Canadian Investment Review

Seinfeld’s Advice for Pension Plans

Written by Ashby Monk on Tuesday, September 27th, 2011 at 11:32 am

seinfeldWhy is it that the community of long-term investors, such as public pensions and sovereigns, can’t seem to extend their time horizon beyond 3-4 years? For a unique answer, I’d like to turn to comedian Jerry Seinfeld, as he has a rather astute observation that may help us understand how inter-generational funds get bogged down in annual and even quarterly returns:

“I never get enough sleep. I stay up late at night, because I’m Night Guy. Night Guy wants to stay up late. ‘What about getting up after five hours sleep?’ Oh, that’s Morning Guy’s problem.

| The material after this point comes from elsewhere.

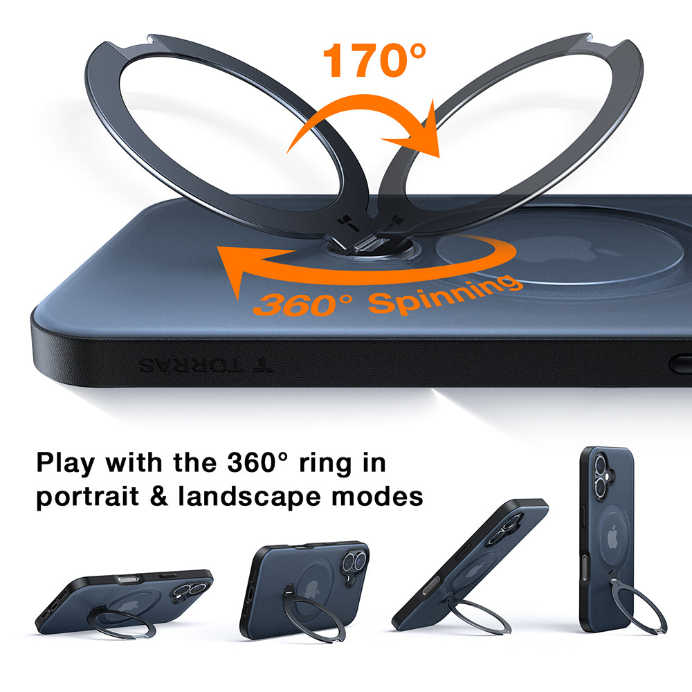 MagSafe Case for Apple iPhone 16, Torras, Ostand Spin, Transparent

That’s not my problem, I’m Night Guy. I stay up as late as I want.

So you get up in the morning, you’re exhausted, groggy…‘Oooh I hate that Night Guy!’ See, Night Guy always screws Morning Guy. There’s nothing Morning Guy can do. The only thing Morning Guy can do is try and oversleep often enough so that Day Guy looses his job and Night Guy has no money to go out anymore.”

It’s a hilarious bit because we’ve all been there; it’s human nature to let the ‘Night Guy’ in all of us discount the interests of our ‘Morning Guy’. Night Guy reads that extra chapter; he watches another show on TV; he has another drink at the bar; etc. Why? Because it’s Morning Guy who ultimately pays the price. Night Guy is, in effect, maximizing his short-term utility at the expense of his long-term utility. And we all do it.

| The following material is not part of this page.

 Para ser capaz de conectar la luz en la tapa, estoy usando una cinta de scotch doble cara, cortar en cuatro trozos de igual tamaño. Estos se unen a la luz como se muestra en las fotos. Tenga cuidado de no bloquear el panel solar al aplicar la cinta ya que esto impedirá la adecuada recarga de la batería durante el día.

Morning Guy may curse Night Guy’s name, but by the time evening rolls around again, it seems that Day Guy has already forgotten the lessons learned by Morning Guy about appropriate Night Guy behavior, which leads to the cycle repeating itself: Night Guy parties; Morning Guy suffers; and Day Guy forgets. It’s a classic time inconsistency problem.

What we need to overcome this short-termism is some good and credible governance policy that will align the interests of Night, Morning and Day Guys. And we really have to write this policy down so that all the Guys can see what their behavior should be to maximize the interests of the entire individual. After all, we want to ensure that all the different Guys are working together to maximize the collective interests of themselves.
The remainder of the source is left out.